# Ray's Pizza, Prince Street and its secret mob history



## editor (Sep 22, 2013)

I wrote a piece about when I stayed at Ray's Pizza back in 1986 - and now I've learnt that it was a hot spot of mob activity!

The New York Post bought my photo and have detailed the nefarious activity that had been going on in the building over the years: Secret mob history of Ray’s Pizza

*typo edited!


----------



## killer b (Sep 23, 2013)

you're older than you look.


----------



## classicdish (Sep 23, 2013)

In 1896 maybe it looked a bit like this:





http://www.sspny.com/blog/sspny-nei...vard-to-skid-row-to-today-s-nightlife-mecca-1


----------



## editor (Sep 23, 2013)

Sounds like they may have been listening in to me and my girlfriend too! 



> It was no mystery to law enforcement what was going on at the heralded pizzeria.
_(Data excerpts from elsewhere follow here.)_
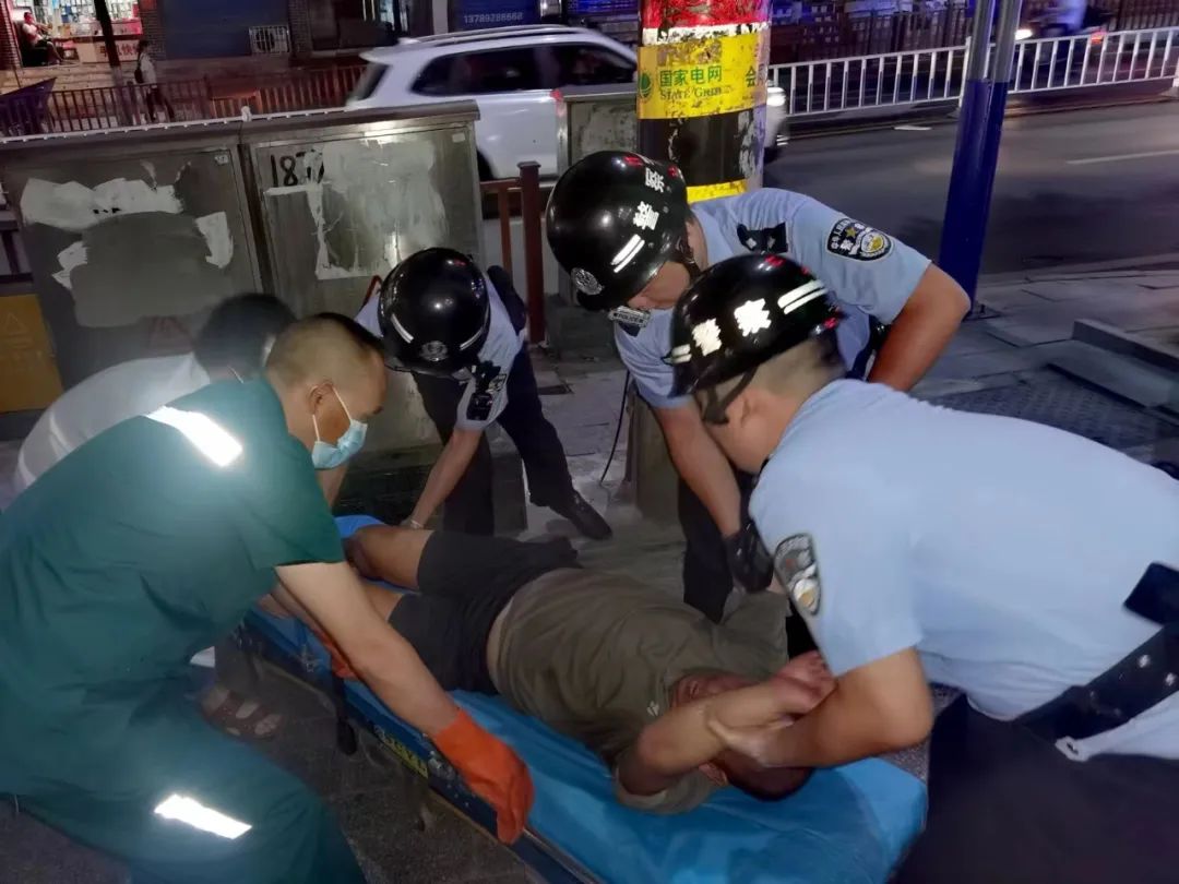 一男子午夜醉卧马路边,民警接警后迅速赶赴现场并协助医护人员将其送往医院
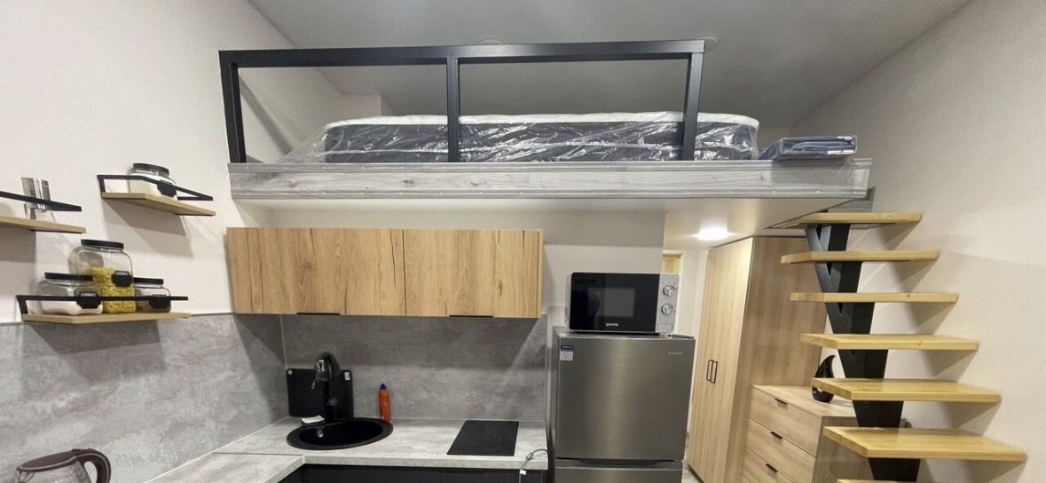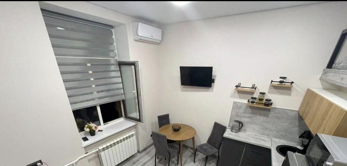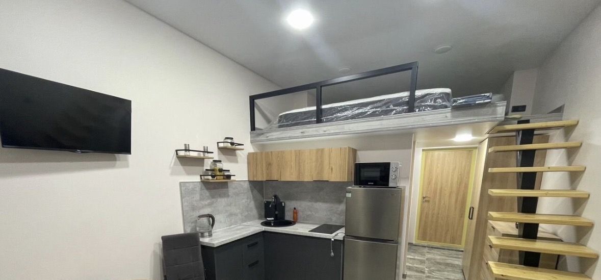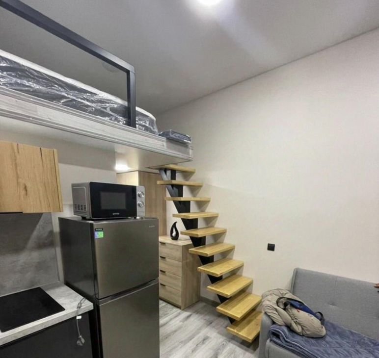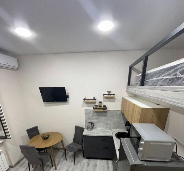 в студии все новое и есть все для вашего комфортного проживания. Кухонная зона оборудована варочной панелью, микроволновкой, чайником. Мягкий удобный двуспальный диван, кондиционер, телевизор.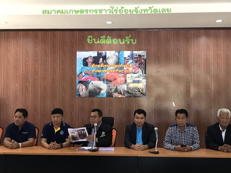 นายธีระชัย แสนแก้ว นายกสมาคมไร่อ้อยอีสานเหนือ–เอราวัณ และนายจีรพงศ์ ทันวงษา นายกสมาคมเกษตรกรชาวไร่อ้อยจังหวัดเลย พร้อมแกนนำชาวไร่อ้อยทั้ง 18 สมาคมในภาคอีสาน ร่วมแถลงที่สมาคมเกษตรกรชาวไร่อ้อย จังหวัดเลย อ.วังสะพุง วันนี้ (21 ธ.ค.) เรียกร้องอธิบดีกรมทางหลวงชนบทเร่งตรวจสอบข้อเท็จจริงกรณีหญิง อายุ 55 ปี ชาวบ้าน จ.หนองบัวลำภู เข้าแจ้งความที่ สภ.หนองหญ้าปล้อง อ.วังสะพุง เนื่องจากสามี อายุ 57 ปี คนขับรถบรรทุกอ้อย ซึ่งจอดรถพักข้างทางในพื้นที่ ต.หนองหญ้าปล้อง เพื่อรอนำอ้อยส่งโรงงาน เมื่อวันที่ 17 ธ.ค.ที่ผ่านมา ถูกกลุ่มชายประมาณ 8 คน แต่งกายคล้ายเจ้าหน้าที่กรมทางหลวงชนบทเข้ามาข่มขู่ ทำให้สามีตกใจวิ่งหนีเข้าไปในไร่อ้อยเกือบ 2 กิโลเมตร เมื่อกลุ่มชายดังกล่าวตามมาทันจึงลงมือทำร้ายร่างกาย และถูกส่งตัวมารักษาที่โรงพยาบาลเอราวัณ แพทย์พบว่าอาการสาหัสจึงส่งไปรักษาต่อที่โรงพยาบาลเมืองเลย ตรวจพบซี่โครงหัก ตามร่างกายเขียวช้ำ ศีรษะบวมอาจกระเทือนถึงสมอง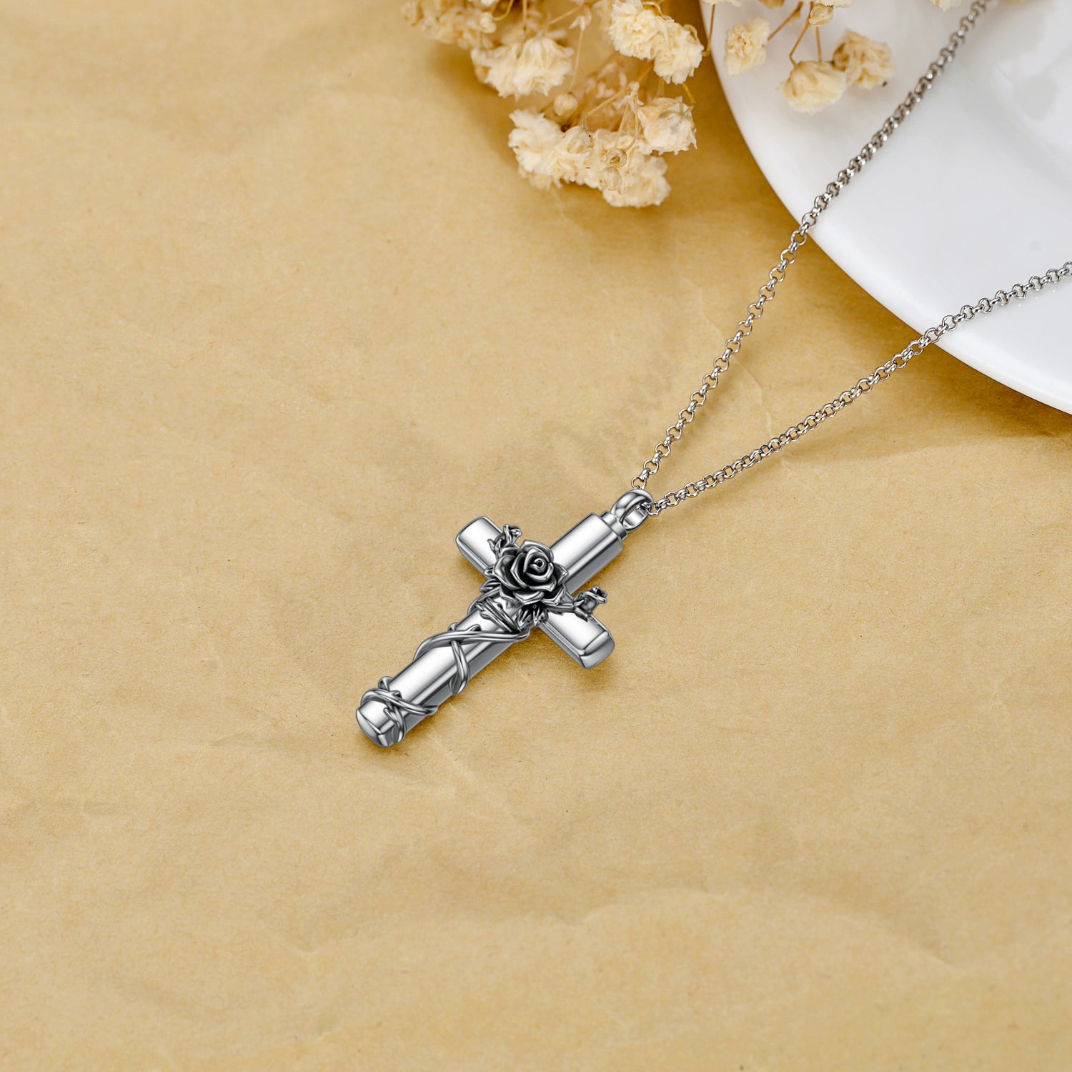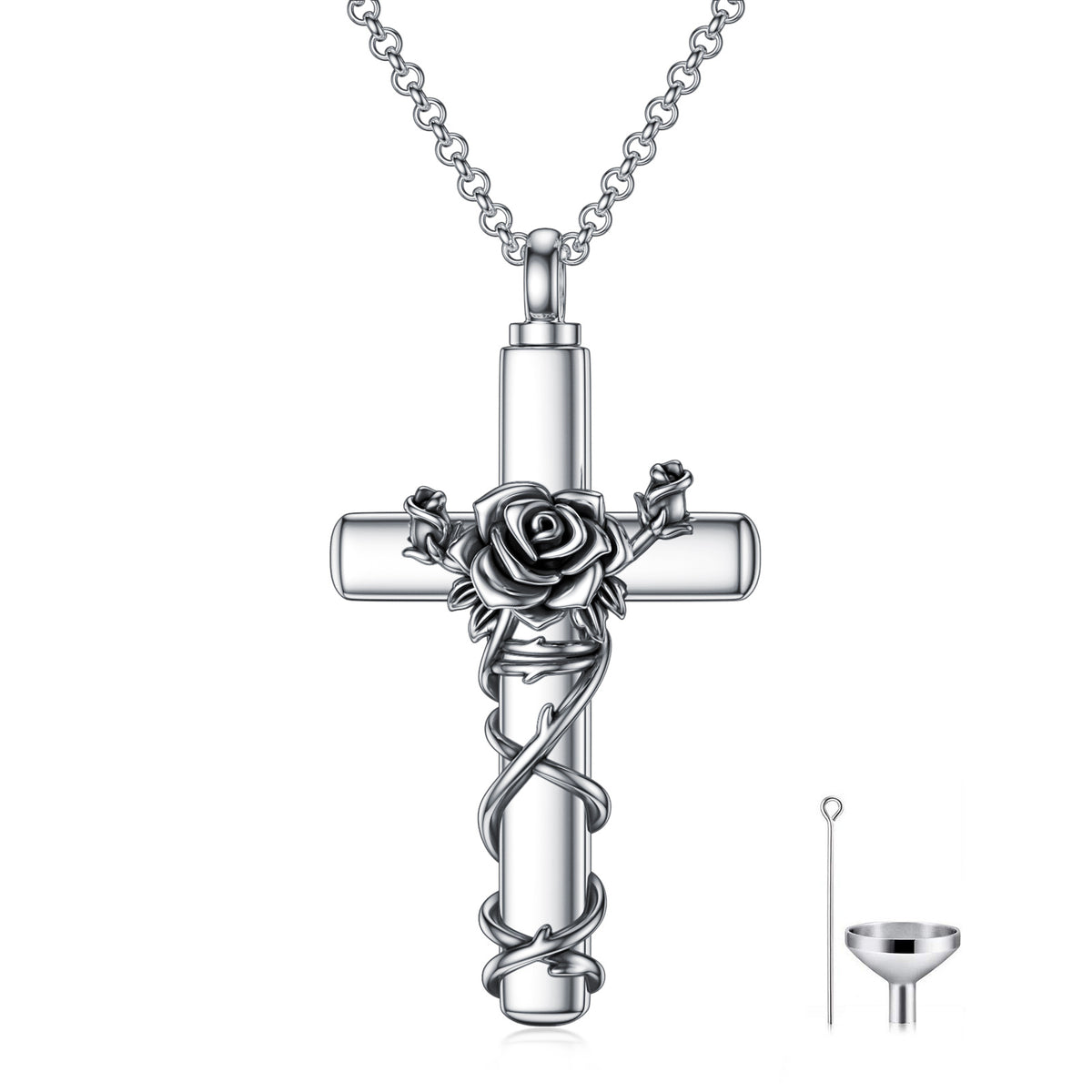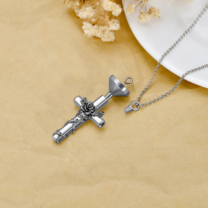 Sterling Silver Vintage Rose & Cross Urn Necklace for Ashes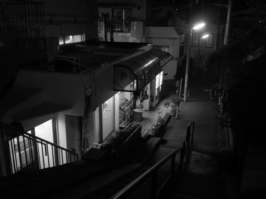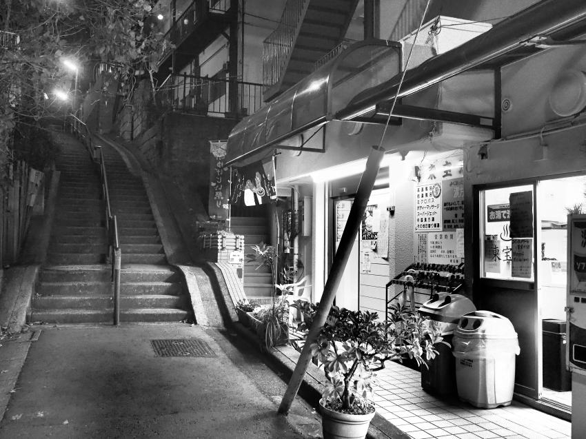 マンションの裏手に回ると、現在の同湯入口にも”山の手”と”下町”を繋ぐ階段状の急坂があっ て、坂をも含む同湯の風景は、風情と郷愁に満ちていた。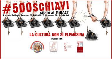 in allegato vi inviamo il comunicato congiunto con le Associazioni relativo al sit in di domani al quale parteciperemo nell’ambito della coalizione “Abbracciamo la cultura”. Così come parteciperemo alla manifestazione nazionale del 11 gennaio unitamente alla quasi totalità delle associazioni professionali e culturali del settore. Il bando, com’è noto, è stato modificato con una precipitosa marcia indietro rispetto ai criteri penalizzanti su cui era statao costruito l’originario. Noi comunque manteniamo un atteggiamento di forte contrarietà per i motivi che abbiamo ampiamente esposto nei recenti comunicati. Riteniamo un grave errore affrontare la questione della formazione in modo così penalizzante e senza prospettive occupazionali serie, la modifica del bando non risolve questo problema e per questo siamo solidali con quanti intendono portare una battaglia per la buona occupazione nei beni culturali.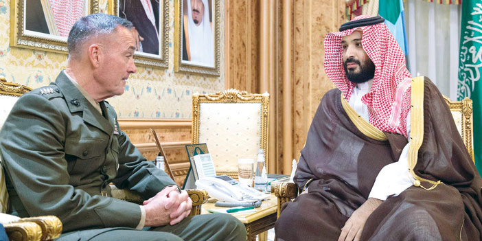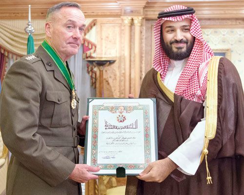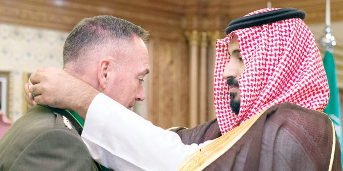 إنفاذاً لأمر خادم الحرمين الشريفين الملك سلمان بن عبد العزيز آل سعود القائد الأعلى لكافة القوات العسكرية، قلد صاحب السمو الملكي الأمير محمد بن سلمان بن عبد العزيز ولي ولي العهد النائب الثاني لرئيس مجلس الوزراء وزير الدفاع في مكتبه بالمعذر أمس رئيس هيئة الأركان المشتركة الأمريكية الفريق أول جوزيف دانفورد وسام الملك عبد العزيز من الدرجة الممتازة.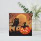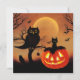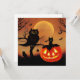 Carte Citrouille d'Halloween, hibou et chat la nuit.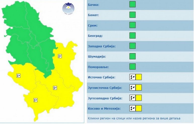 За уторак, 18. новембра упаљен је жути метеоаларм у источној, југоисточној, југозападној и јужној Србији због пљускова.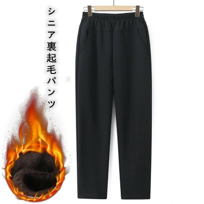 シニア 裏起毛 パンツ 女性 おばあちゃん 祖母 お年寄り 防寒パンツ ルームパンツ 暖かい あったか レディース ズボン ブラック 80代 70代 60代 90代 プレゼント お誕生日 ギフト 秋冬

But proving it was another matter. Three times, the Manhattan District Attorney’s Office planted bugs inside the pizza parlor and on the street outside in hopes of catching Cuomo and his pals in the act. It was close, but no cigar.
> 
> Wiretap affidavits submitted to court by DA Robert Morgenthau during a one-year-long probe in 1989 stated there was “reasonable cause to believe” that Cuomo, D’Arco and other Luchese crime-family associates were “committing the crimes of criminal sale of a controlled substance.”


----------



## editor (Sep 23, 2013)

classicdish said:


> In 1896 maybe it looked a bit like this:


I've moved on from that typo _thanksverymuch. _


----------



## editor (Sep 23, 2013)

I wrote to my old girlfriend who lived in the apartment at Rays to tell her about the article.

She wrote back to tell me that she always knew the place was a bit dodgy. When she paid the rent (cash, of course) she had to hand it over to a "plump, bosomy bleached blonde of a certain age" who would stuff the money in her bra!


----------